### WHAT TO DO
Repeat only the lines from the one containing "Butaca descalzadora. Tapizada" to the final line below, exactly as they read, and leave every picture out.

[PROVIDED ENTRIES Boundary: Start]

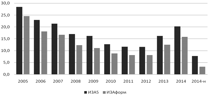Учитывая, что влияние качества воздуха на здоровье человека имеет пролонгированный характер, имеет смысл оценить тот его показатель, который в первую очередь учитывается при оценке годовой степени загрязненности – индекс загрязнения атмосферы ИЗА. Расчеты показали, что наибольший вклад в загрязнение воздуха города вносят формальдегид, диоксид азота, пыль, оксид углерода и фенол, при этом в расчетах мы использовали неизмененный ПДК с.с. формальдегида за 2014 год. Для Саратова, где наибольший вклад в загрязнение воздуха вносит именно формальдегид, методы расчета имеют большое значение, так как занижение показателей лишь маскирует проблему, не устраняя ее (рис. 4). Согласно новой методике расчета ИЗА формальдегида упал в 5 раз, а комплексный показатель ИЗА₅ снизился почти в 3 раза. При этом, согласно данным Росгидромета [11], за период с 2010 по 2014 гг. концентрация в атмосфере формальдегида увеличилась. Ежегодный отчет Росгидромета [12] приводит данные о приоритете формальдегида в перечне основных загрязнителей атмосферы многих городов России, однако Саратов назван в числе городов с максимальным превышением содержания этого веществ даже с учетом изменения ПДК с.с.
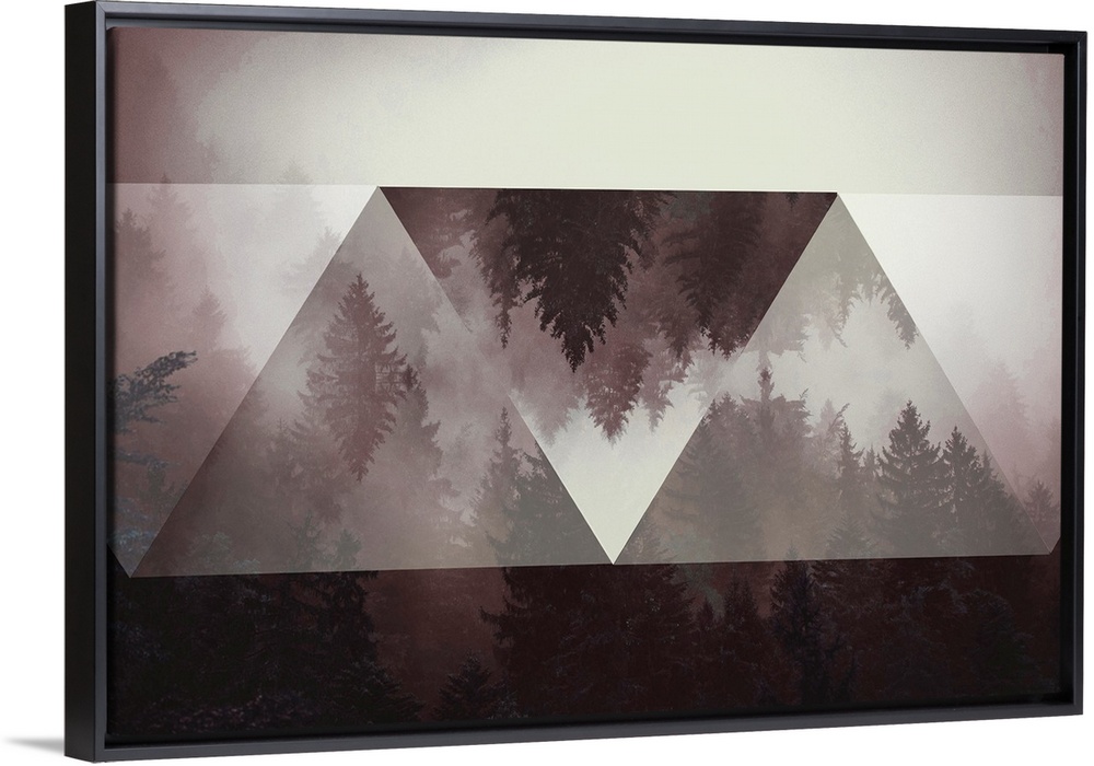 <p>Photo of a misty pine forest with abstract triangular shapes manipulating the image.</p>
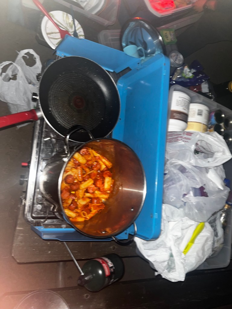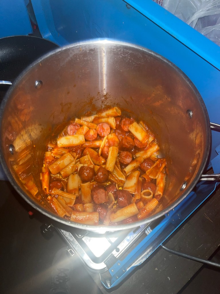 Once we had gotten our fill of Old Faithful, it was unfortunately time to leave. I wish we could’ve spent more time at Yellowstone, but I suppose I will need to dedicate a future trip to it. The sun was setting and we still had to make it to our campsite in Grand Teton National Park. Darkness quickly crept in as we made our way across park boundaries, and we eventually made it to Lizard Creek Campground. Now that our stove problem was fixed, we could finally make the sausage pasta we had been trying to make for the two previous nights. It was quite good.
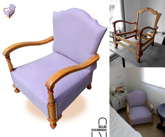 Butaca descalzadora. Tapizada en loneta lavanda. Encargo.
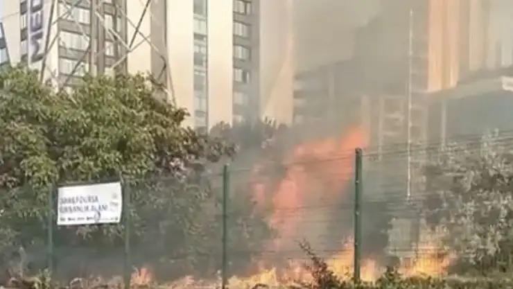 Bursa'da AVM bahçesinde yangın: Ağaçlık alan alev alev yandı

[PROVIDED ENTRIES Boundary: End]

### FINISHED EXERCISE
 Butaca descalzadora. Tapizada en loneta lavanda. Encargo.
 Bursa'da AVM bahçesinde yangın: Ağaçlık alan alev alev yandı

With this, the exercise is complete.